Wskazówka:
I can’t remember how old I was when I began collecting second-hand books. I’d like to say eight or nine, but that’s because I want to be thought of as bookishly precocious. In fact, going by the purchase dates I bothered to scribble in the volumes in my collection, I must have been about 12. I’ll settle for that. Twelve’s good. There are worse things to do when you’re twelve. My father wasn’t so sure. From the very beginning, he turned his nose up at my bringing books home before I’d read the previous ones. He didn’t understand that books could just sit on shelves, unopened, and still satisfy whatever need drove someone to collect them. ‘It would be like me ordering a meal and not eating it,’ he said. An eventuality that was, indeed, inconceivable. ‘I’ll open them all one day,’ I told him. But the truth is there remain hundreds I haven’t opened yet. Cold on my shelves, they stare out at me, with chill reproach.

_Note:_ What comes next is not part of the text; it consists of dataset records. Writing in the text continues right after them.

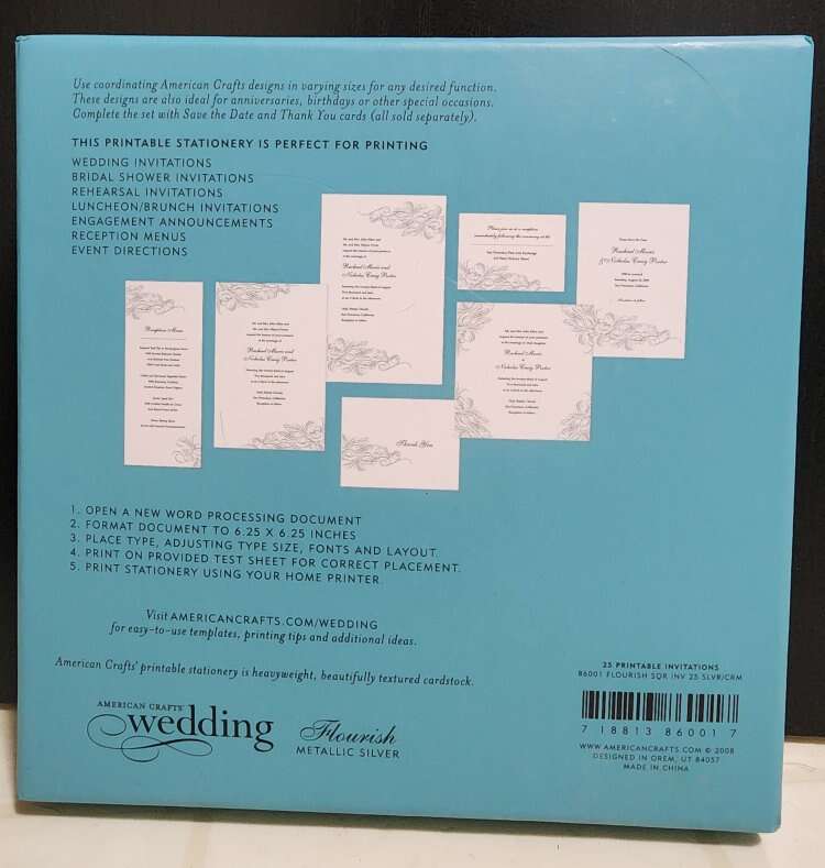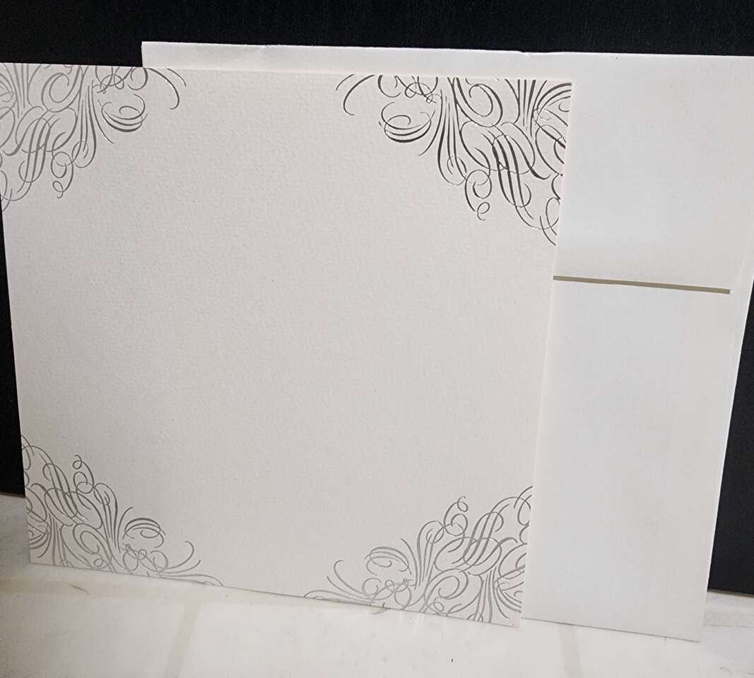 color: off-white with silver detail size: 6.25 x 6.25" qty: 13 packages (325 invitations)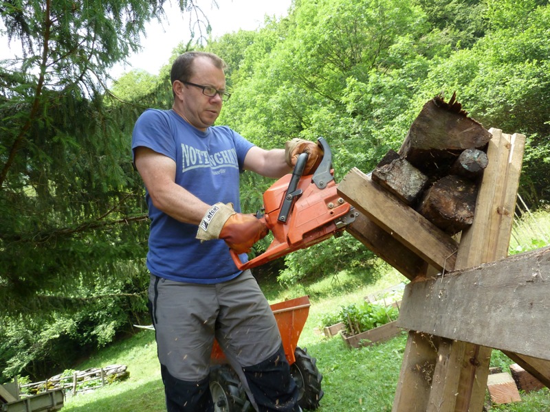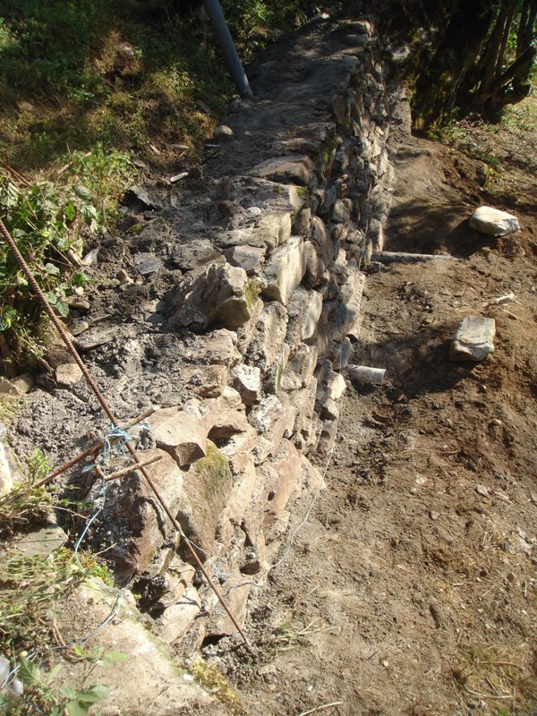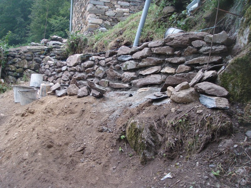 Copicing the woodland is a continual effort to preserve the pasture and supply firewood for the log burners. Plus building the retaining wall at the front of the barn to protect the foundations.
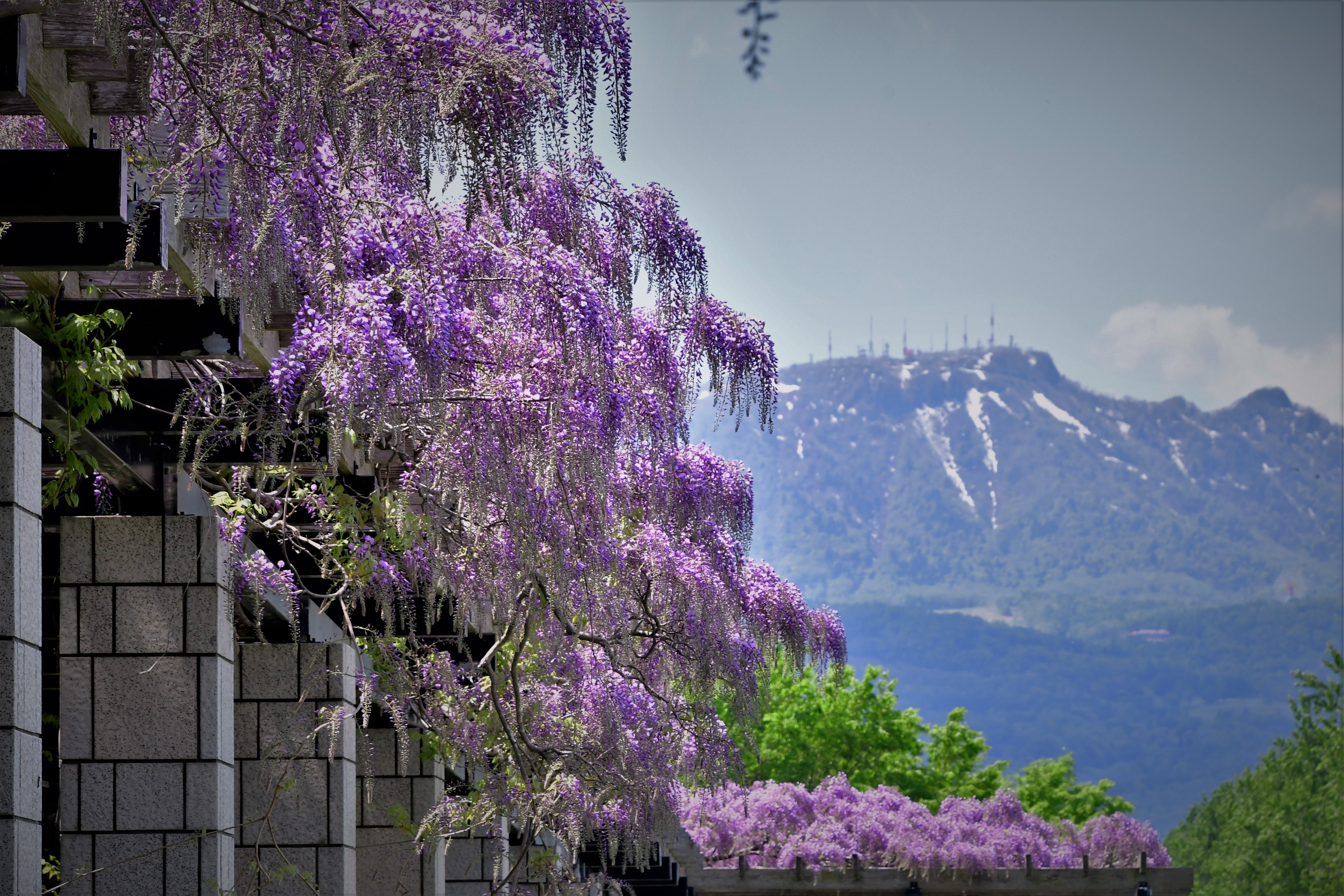 残雪の手稲と藤の花」

But who is to say the hour won’t yet come when they are needed?
My mother was a reader and understood my passion but nevertheless she also had an issue with it. The books I was bringing home stank the house out. Hardly surprising, given where I found them - on market stalls and in junk shops, floating in public drains or tied up in bundles waiting for the dustbin men to collect them. ‘The smell’s so bad people will stop visiting us,’ my mother complained. To avoid trouble, I would spread out the most sodden books in front of the electric fire in my bedroom, but the smell, like that of burning shoe leather, was no better received.
I have called my zeal for getting hold of second-hand books “collecting” but that’s too grand a word for what I did. I just wanted to own as many books as I could.
Well, some people may say that in the digital age my library has run its course. So shall I get rid of it? I’m not talking about selling to turn a profit. I bought many of these books for pennies each and I’d do well to get that number of pennies back. But I could save a little space. I could replaster the walls and hang paintings. Yet I am unable to. The truth is, their presence alone remains vital to me. Books breathe as trees do. With all the books gone our mental climate will change. No matter that I can quickly find a digital version of a novel I’m looking for, I still fly into a rage when I discover I no longer have it, and remember who borrowed it and failed to return it. For me it is irreplaceable. It has my scribblings in it. The marginal expletives. The turned-down pages. And you don’t get that on a Kindle, or a free e-book courtesy of Project Gutenberg.